§ **Recorded data**:
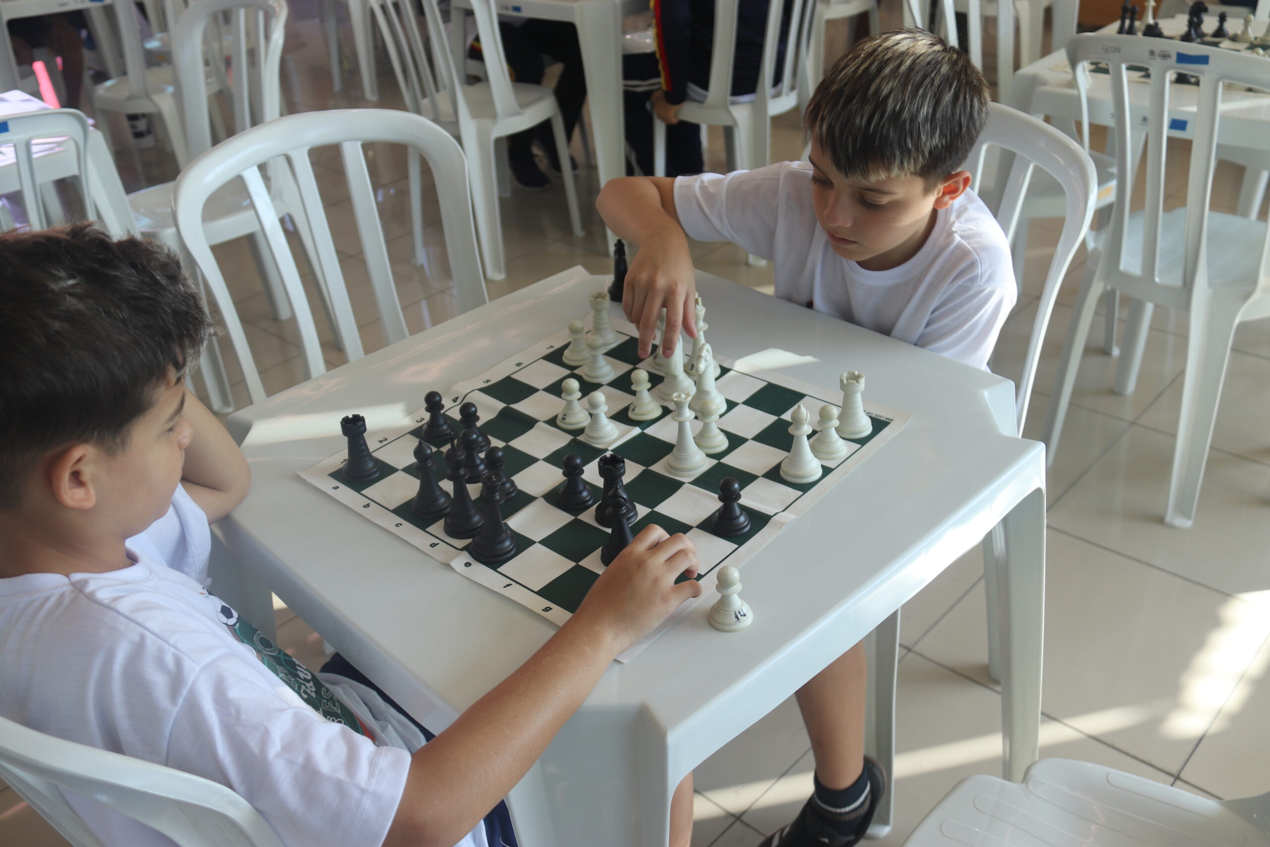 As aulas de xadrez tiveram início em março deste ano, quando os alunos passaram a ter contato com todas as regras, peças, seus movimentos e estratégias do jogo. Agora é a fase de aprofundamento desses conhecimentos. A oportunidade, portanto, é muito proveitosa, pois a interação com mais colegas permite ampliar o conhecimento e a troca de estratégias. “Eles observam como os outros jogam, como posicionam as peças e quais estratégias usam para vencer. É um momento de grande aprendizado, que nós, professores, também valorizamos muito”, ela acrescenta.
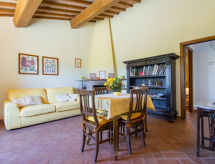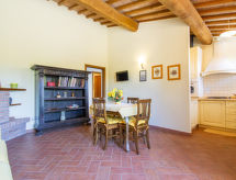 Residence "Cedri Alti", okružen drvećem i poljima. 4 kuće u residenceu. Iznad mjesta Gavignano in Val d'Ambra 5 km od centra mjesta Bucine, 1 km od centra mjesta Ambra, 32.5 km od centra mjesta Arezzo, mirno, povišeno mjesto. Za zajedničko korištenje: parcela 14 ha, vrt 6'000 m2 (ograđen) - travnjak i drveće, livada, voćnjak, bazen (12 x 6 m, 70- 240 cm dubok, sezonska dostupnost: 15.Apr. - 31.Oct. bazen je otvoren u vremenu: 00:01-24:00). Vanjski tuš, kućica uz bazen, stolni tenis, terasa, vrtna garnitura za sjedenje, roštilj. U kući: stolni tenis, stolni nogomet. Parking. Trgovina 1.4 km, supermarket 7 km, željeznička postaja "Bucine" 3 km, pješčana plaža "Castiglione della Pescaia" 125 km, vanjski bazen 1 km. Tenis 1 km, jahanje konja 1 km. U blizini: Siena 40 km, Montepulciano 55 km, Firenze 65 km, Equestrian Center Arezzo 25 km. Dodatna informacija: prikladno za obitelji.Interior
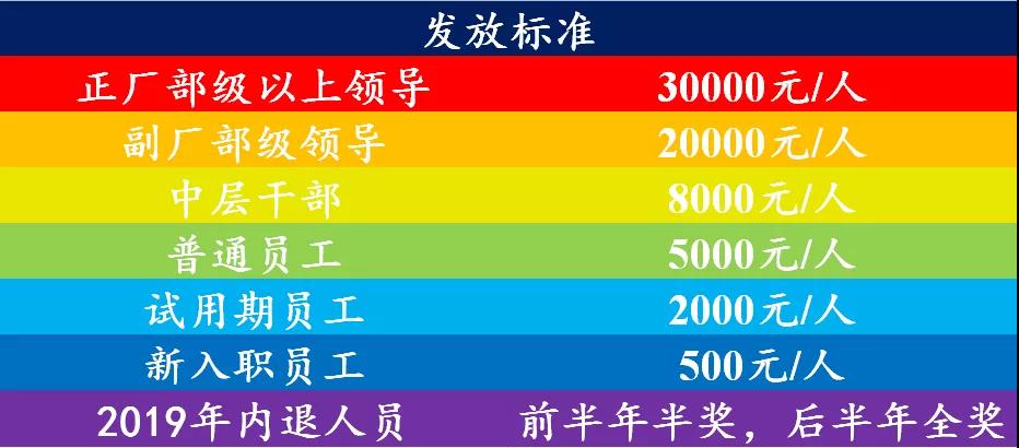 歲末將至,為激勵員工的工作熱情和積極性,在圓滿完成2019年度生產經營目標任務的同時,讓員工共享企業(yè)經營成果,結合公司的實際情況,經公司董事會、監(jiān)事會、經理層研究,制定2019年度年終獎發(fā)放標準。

§ **To do**: Give back, exactly and with nothing added, the lines from the line with "prikladno za obitelji.Interior" through the final line of the data, both included; leave pictures out.

§ **Answer to the exercise**:
 Residence "Cedri Alti", okružen drvećem i poljima. 4 kuće u residenceu. Iznad mjesta Gavignano in Val d'Ambra 5 km od centra mjesta Bucine, 1 km od centra mjesta Ambra, 32.5 km od centra mjesta Arezzo, mirno, povišeno mjesto. Za zajedničko korištenje: parcela 14 ha, vrt 6'000 m2 (ograđen) - travnjak i drveće, livada, voćnjak, bazen (12 x 6 m, 70- 240 cm dubok, sezonska dostupnost: 15.Apr. - 31.Oct. bazen je otvoren u vremenu: 00:01-24:00). Vanjski tuš, kućica uz bazen, stolni tenis, terasa, vrtna garnitura za sjedenje, roštilj. U kući: stolni tenis, stolni nogomet. Parking. Trgovina 1.4 km, supermarket 7 km, željeznička postaja "Bucine" 3 km, pješčana plaža "Castiglione della Pescaia" 125 km, vanjski bazen 1 km. Tenis 1 km, jahanje konja 1 km. U blizini: Siena 40 km, Montepulciano 55 km, Firenze 65 km, Equestrian Center Arezzo 25 km. Dodatna informacija: prikladno za obitelji.Interior
 歲末將至,為激勵員工的工作熱情和積極性,在圓滿完成2019年度生產經營目標任務的同時,讓員工共享企業(yè)經營成果,結合公司的實際情況,經公司董事會、監(jiān)事會、經理層研究,制定2019年度年終獎發(fā)放標準。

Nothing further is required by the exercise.